*** The data Section Begins ***

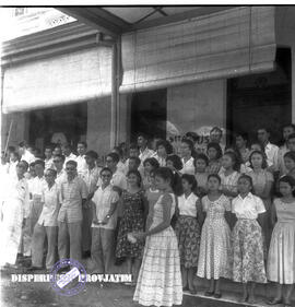 Para peserta upacara mengheningkan cipta pada acara penyerahan Simpang SOS yang di selenggarakan di Balai Kota Surabaya, tahun 1957
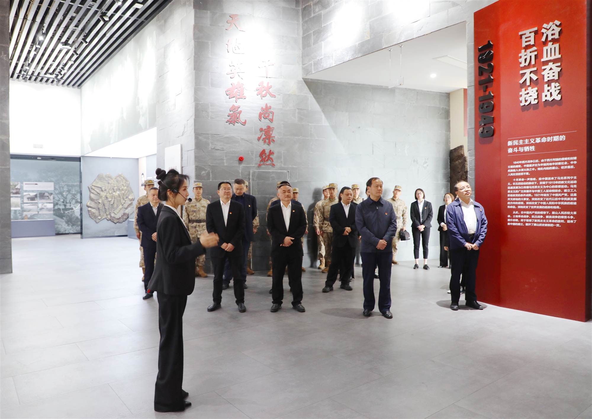英雄已逝、浩氣長(zhǎng)存。最后,大家來到眉山市烈士事跡陳列館,在講解員的解說下追憶眉山紅色歷史。
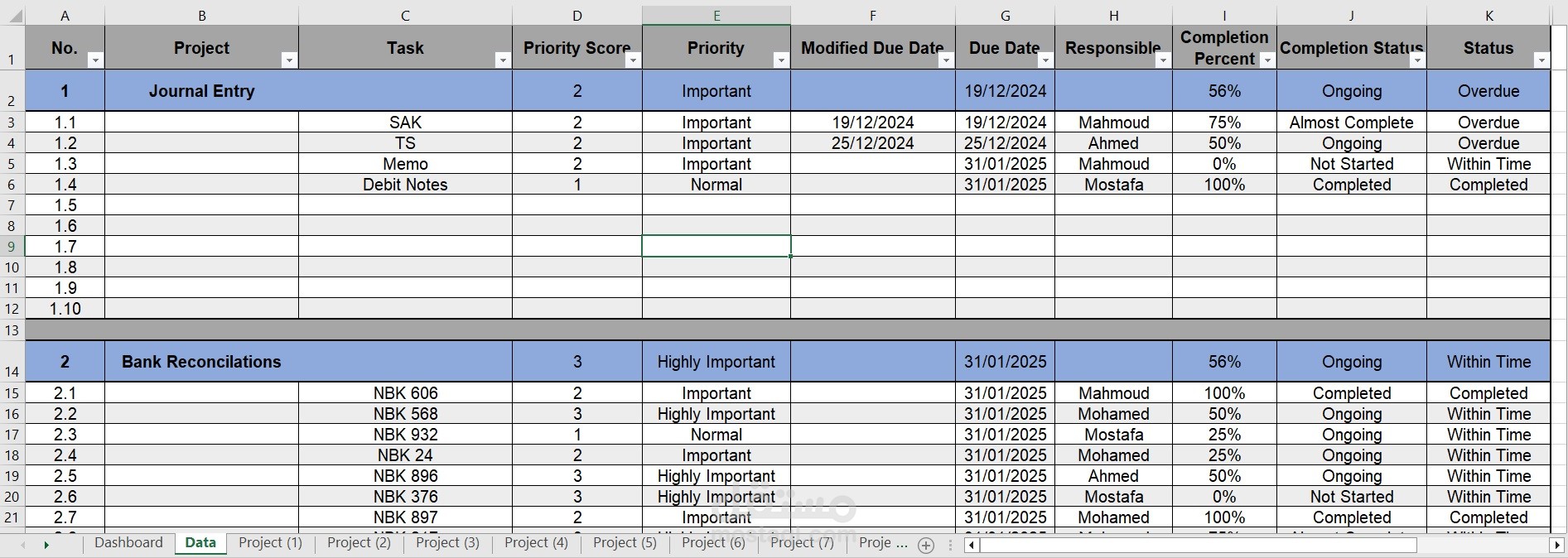 - ستكون نسبة الإنجاز هي متوسط نسبة الإنجاز لجميع المهام.

*** The data Section Ends ***

Your task is to output the material word for word while leaving out every image.

• [Answer for the task]:
 Para peserta upacara mengheningkan cipta pada acara penyerahan Simpang SOS yang di selenggarakan di Balai Kota Surabaya, tahun 1957
英雄已逝、浩氣長(zhǎng)存。最后,大家來到眉山市烈士事跡陳列館,在講解員的解說下追憶眉山紅色歷史。
 - ستكون نسبة الإنجاز هي متوسط نسبة الإنجاز لجميع المهام.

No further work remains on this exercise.